═══ DATA SUPPLIED

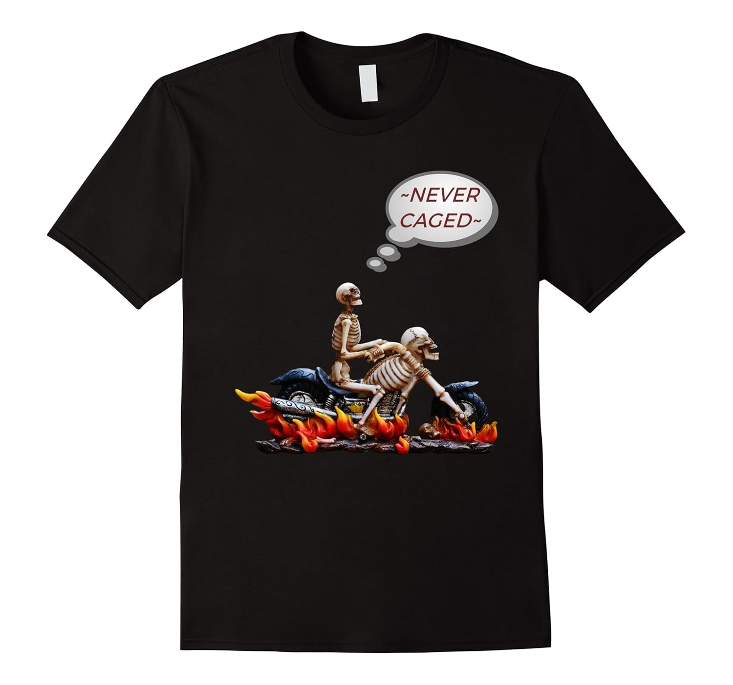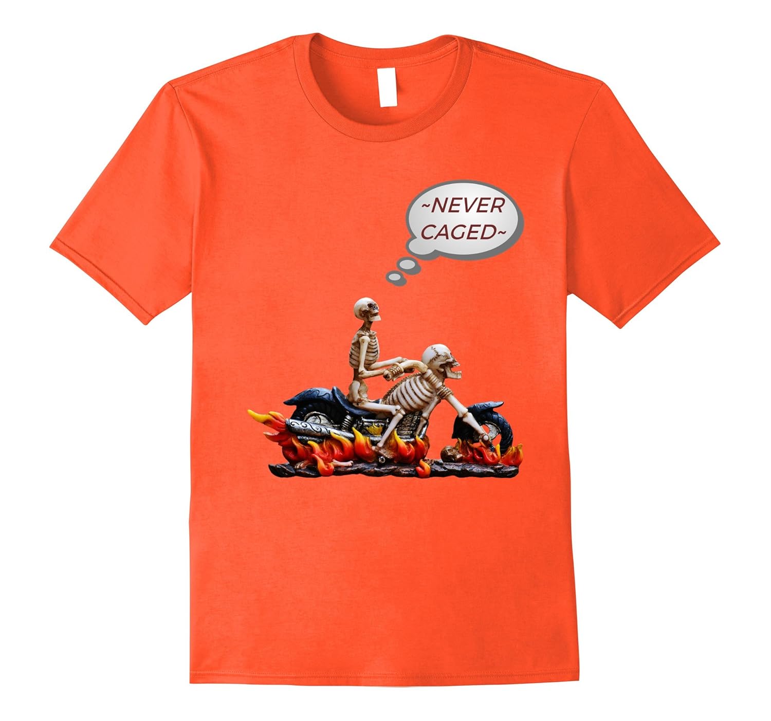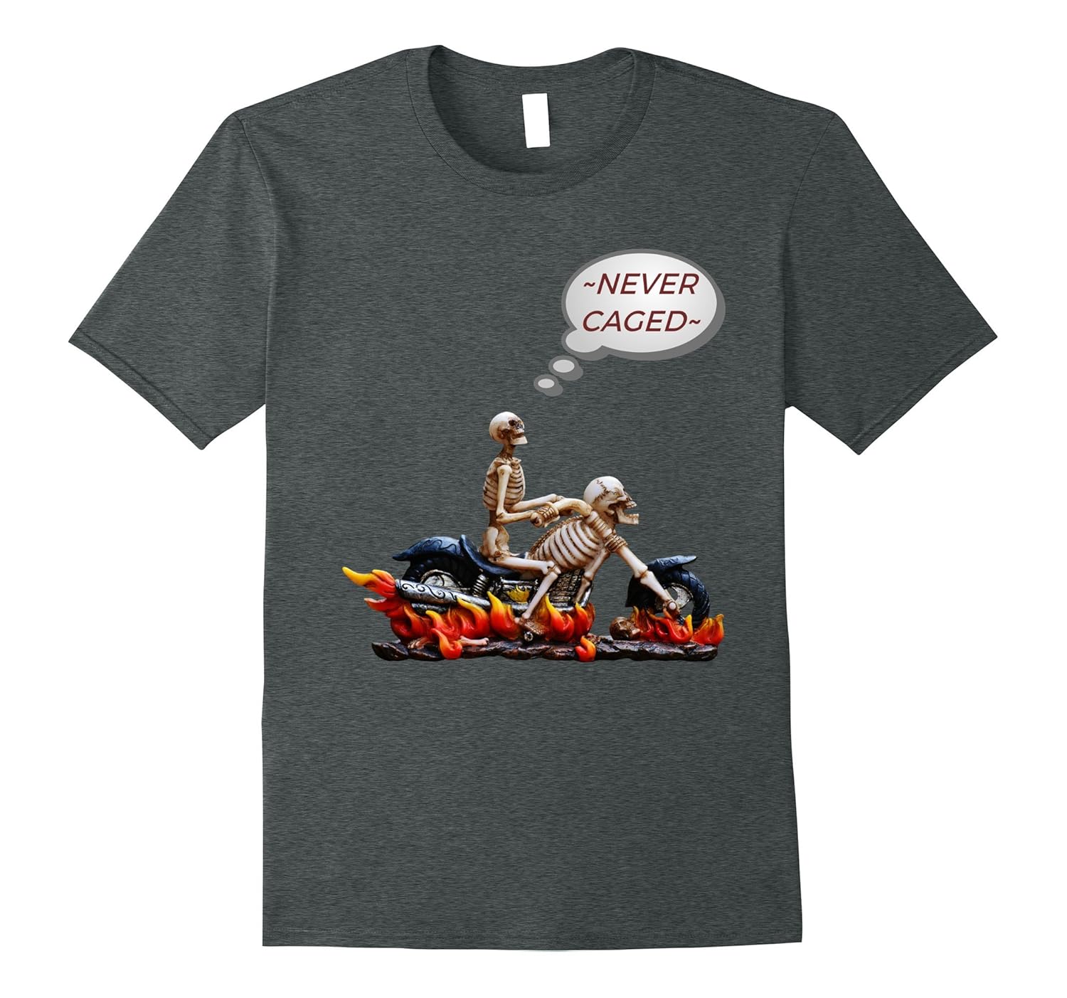 Solid colors: 100% Cotton; Heather Grey: 90% Cotton, 10% Polyester; All Other Heathers: 65% Cotton, 35% Polyester, Imported, Machine wash cold with like colors, dry low heat, Are you someone who”s never been caged. You know, stuck in a car or truck with a cage around you. If you”re a free spirit and will always be cage free, this is the T shirt for you!, Maybe you know a lucky person who”s never been caged, what a perfect gift this biker shirt would make!, Lightweight, Classic fit, Double-needle sleeve and bottom hem
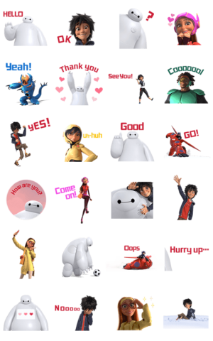 ディズニー映画「ベイマックス」のアニメーションスタンプ。ベイマックスをはじめ、少年ヒロや仲間たちも登場。映画で印象的なシーンを多数取り入れた楽しいスタンプです♪
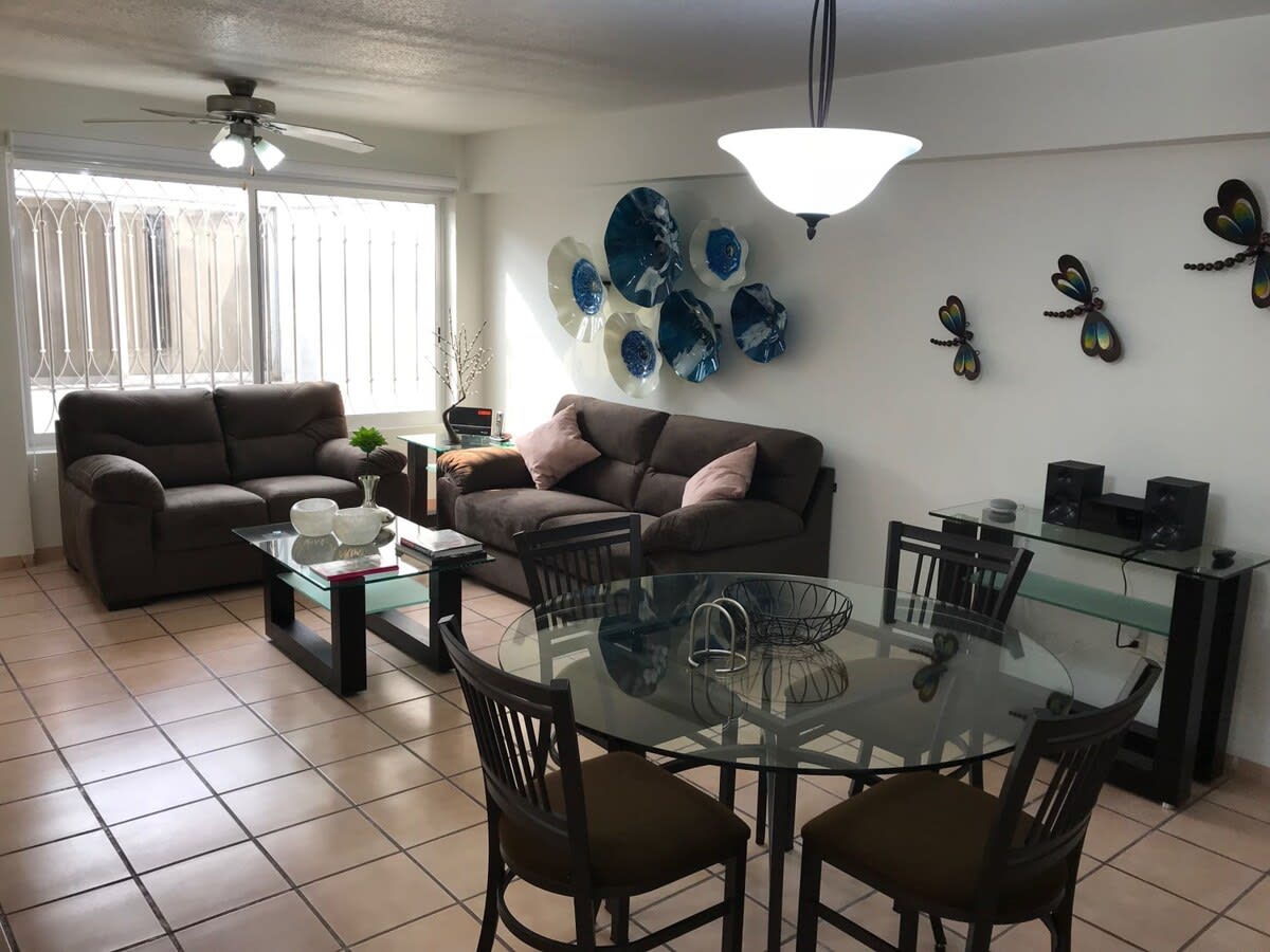 Nice neighborhood, no tourists, good breakfast, lunch eateries all around. Apartment on 3rd floor. Spacious, great TV with movies galore. Large asst of cooking utensils. Water runs hot, cold, hot just need to learn the pattern. I would definitely stay here again when in Queretero.
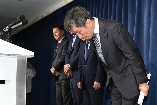 정몽규 대한축구협회장이 16일 서울 종로구 축구회관에서 위르겐 클린스만 축구대표팀 감독의 경질을 발표한 후 인사하고 있다. / 뉴스1
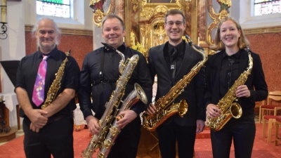 Zum Abschluss der diesjährigen Mausbergfestwoche gastierte das Saxophon-Quartett mit dem Namen „Saxendi“ in der Wallfahrtskirche. Die vier Musiker, Gerhard Böller, Simon Lösch, Sebastian Dorfner und Julia Dorfner, die sich erst im vergangenen Jahr zu dieser Formation zusammenfanden, haben alle eine fundierte und hochqualifizierte musikalische Ausbildung und sind teils in mehreren Orchestern und Ensembles engagiert. Ihren ersten Konzertauftritt hatten sie im vergangenen Jahr in Steiningloh, im Rahmen des 44-jährigen Vereinsjubiläums der Blasmusik Gebenbach. Sie präsentierten den Zuhörern in der annähernd vollbesetzten Kirche klassische Werke unter anderem von G. F. Händel, W. A. Mozart, Karl Jenkins, J. Pachelbel und J. S. Bach, die sie sehr leidenschaftlich, gefühlvoll und überzeugend intonierten. Der Lohn für einen überaus gelungenen Auftritt war ein langanhaltender Applaus der beeindruckten Konzertbesucher, sowie der Ruf nach weiteren Zugaben, welche die Musiker gerne erfüllten. Für Julia und Sebastian Dorfner war es eine besondere Rückkehr in die Mausbergkirche an den Ort, an dem sie sich erst vor wenigen Wochen das Jawort gegeben hatten. Freiwillige Spenden kamen dem Unterhalt der Wallfahrtskirche zugute.
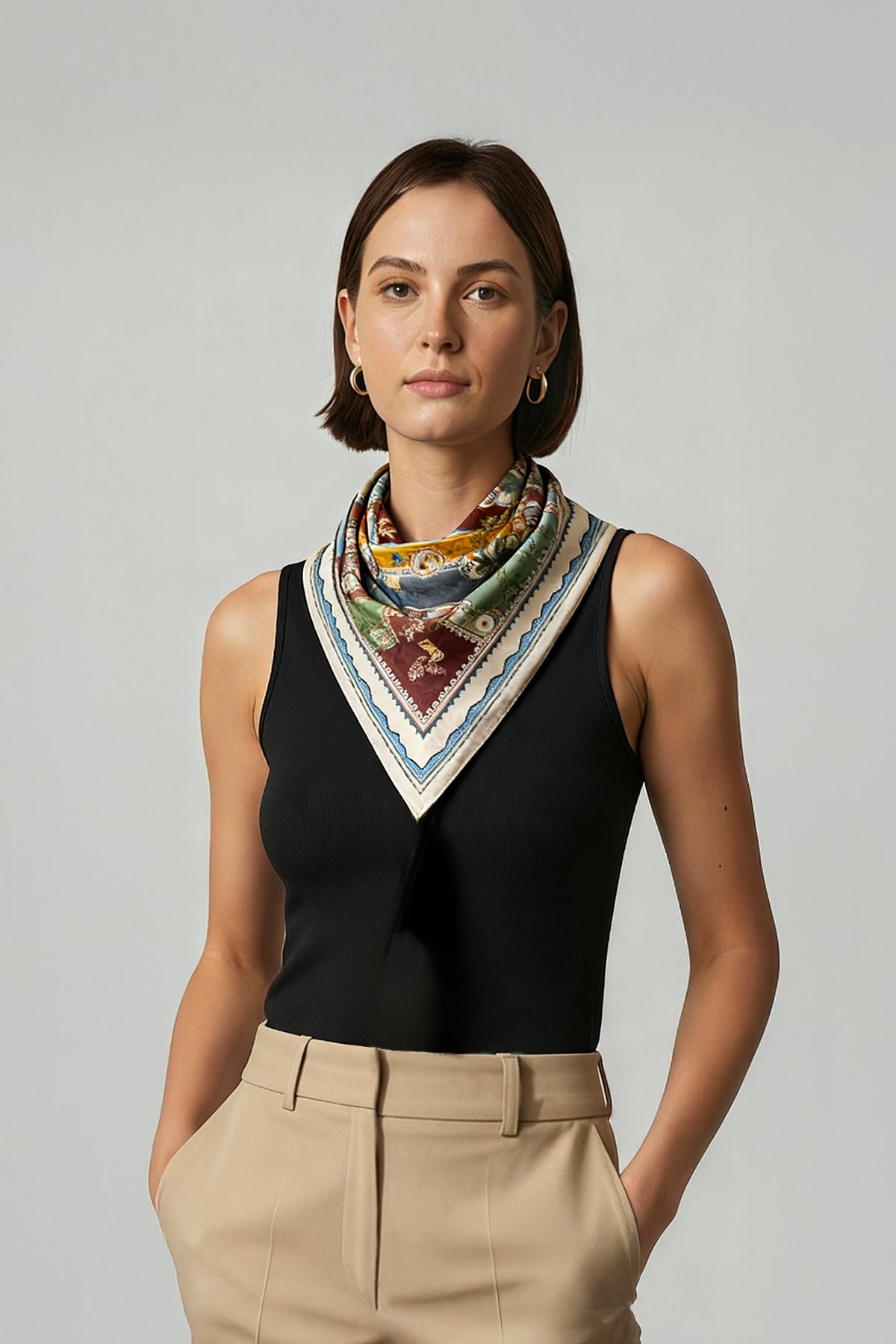 The Santa Fe Scarf captures the spirit of wanderlust through its rich patchwork of earthy tones and global-inspired motifs. Designed in Ranna Gill’s signature Santa Fe print, it is made from silk fabric.
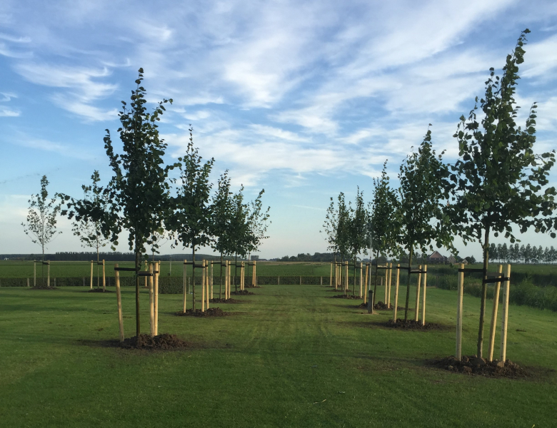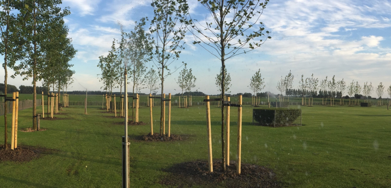 van een kale vlakte naar een perceel met prachtige bomen die de wind wat afremt, dat was het idee van de klant. zeer geslaagd!
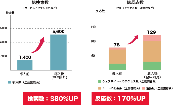 「サービス名」や「ブランド名」で検索した総検索数は、当初1,400件ほどでしたが、MEO対策サービス導入後には5,600件にも増加しています。比率にして380%アップですので、MEO対策にどれほどの効果が出るのかが理解できると思います。 サイトへのアクセス数や店舗へ電話をかけた回数などの「総反応数」は、78件からMEO対策サービス導入後には129件に増加しています。わずか1年のMEO対策で、170%もアップしているのです。 「MEO対策に効果があるのか?」という疑問は、これらの数字を見れば解消されるのではないでしょうか。
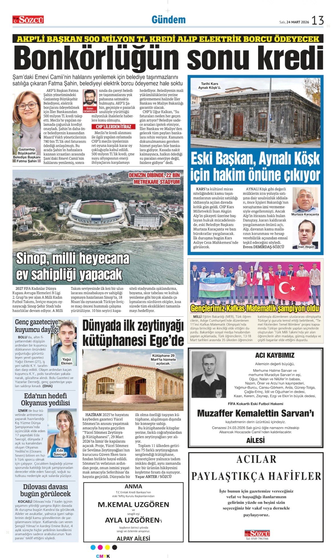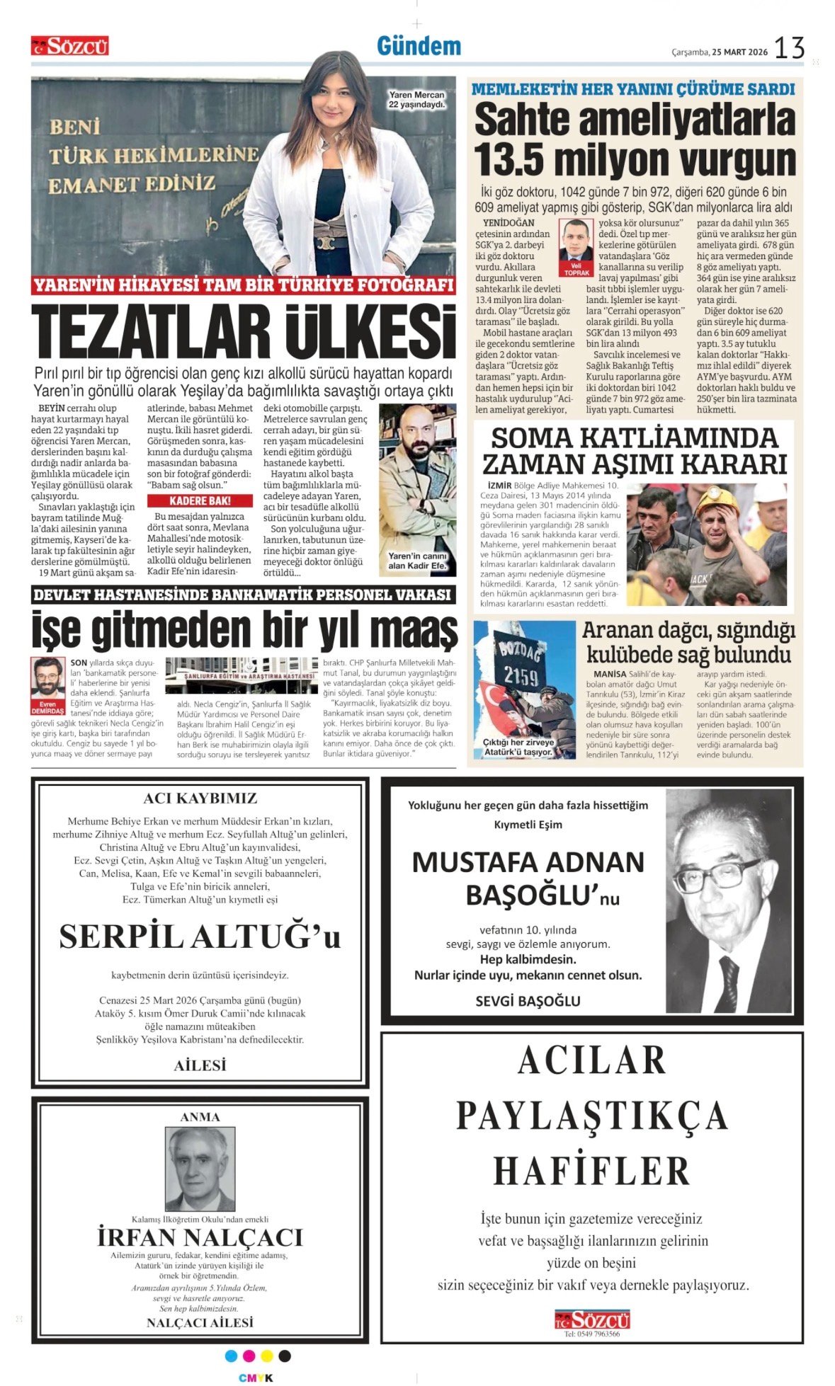 25 Mart 2026 Sözcü Gazetesi vefat, başsağlığı ve anma ilanları. İlan vermek için 0533
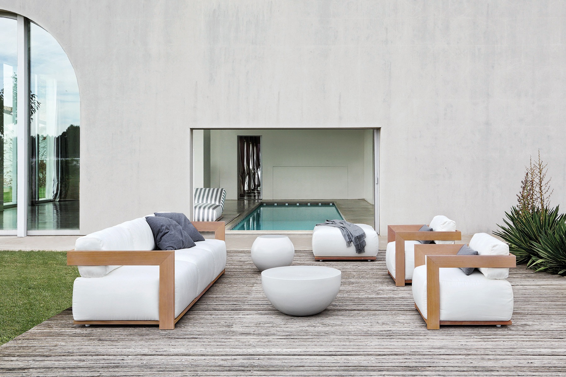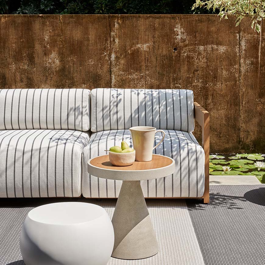 Canapé modulable, fauteuil et lounge bed – disponible en version simple et double: la collection Claud Open Air se distingue par son design minimaliste et ses coussins moelleux. À la fois chics et résistants, ces meubles sont réalisés en bois massif d’Iroko avec de la peinture de protection. Des matériaux précieux avec rembourrage moelleux pour profiter du salon et d’une oasis de tranquillité, pour vous détendre en plein air.
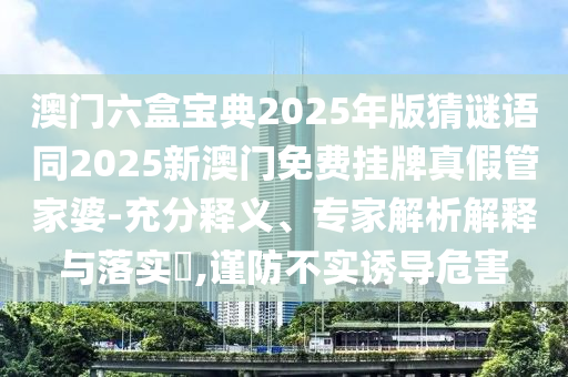 關(guān)于澳門六盒寶典2025年版、猜謎語、澳門免費(fèi)掛牌真假管家婆等關(guān)鍵詞的釋義、解釋與落實(shí),以及謹(jǐn)防不實(shí)誘導(dǎo)危害的提醒
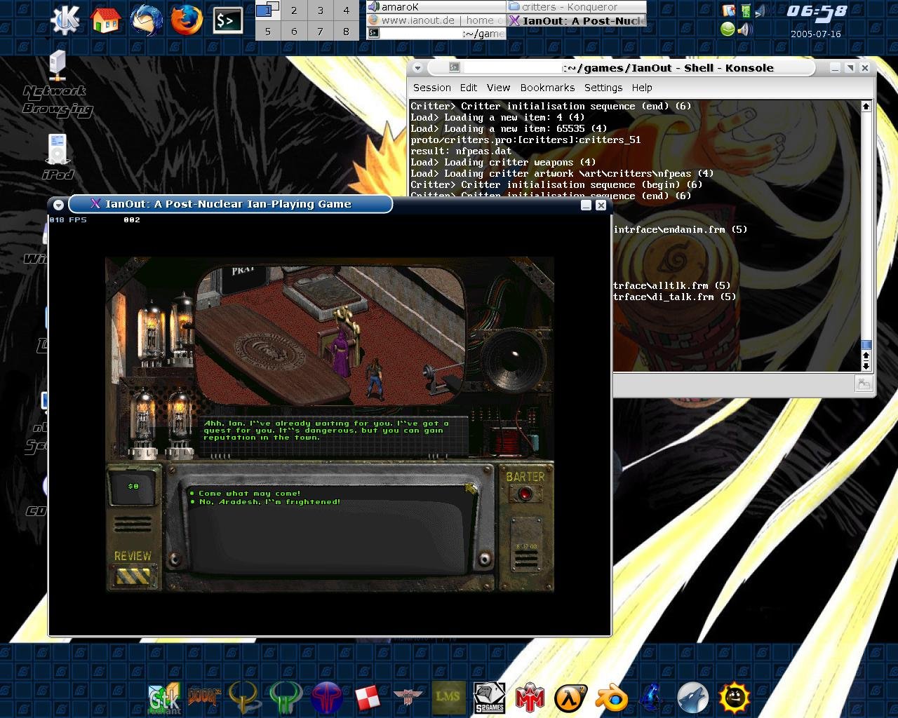 IanOut is an open source engine that tries to replace the old Fallout 2 by creating the abilitiy to run Fallout-like games under linux and having superior modding support. The engine was created by SztupY and started as a fun project to create a Fallout parody. After 4 Beta releases the development is kind of stuck at the moment and we're searching for a new coders that help us to revive the project and port it to Linux. If you're interested: mail a short description of your ideas and perceptions to <a href="mailto:mvBarracuda@web.de">mvBarracuda@web.de</a> or add me in your icq list -> uin:98600423.

══════

> [WHAT YOU NEED TO DO]: Lines from the one containing "關(guān)于澳門六盒寶典" through the end of the listing, both included, are to be restated exactly, and pictures are to be left out.

> [YOUR RESPONSE]:
 關(guān)于澳門六盒寶典2025年版、猜謎語、澳門免費(fèi)掛牌真假管家婆等關(guān)鍵詞的釋義、解釋與落實(shí),以及謹(jǐn)防不實(shí)誘導(dǎo)危害的提醒
 IanOut is an open source engine that tries to replace the old Fallout 2 by creating the abilitiy to run Fallout-like games under linux and having superior modding support. The engine was created by SztupY and started as a fun project to create a Fallout parody. After 4 Beta releases the development is kind of stuck at the moment and we're searching for a new coders that help us to revive the project and port it to Linux. If you're interested: mail a short description of your ideas and perceptions to <a href="mailto:mvBarracuda@web.de">mvBarracuda@web.de</a> or add me in your icq list -> uin:98600423.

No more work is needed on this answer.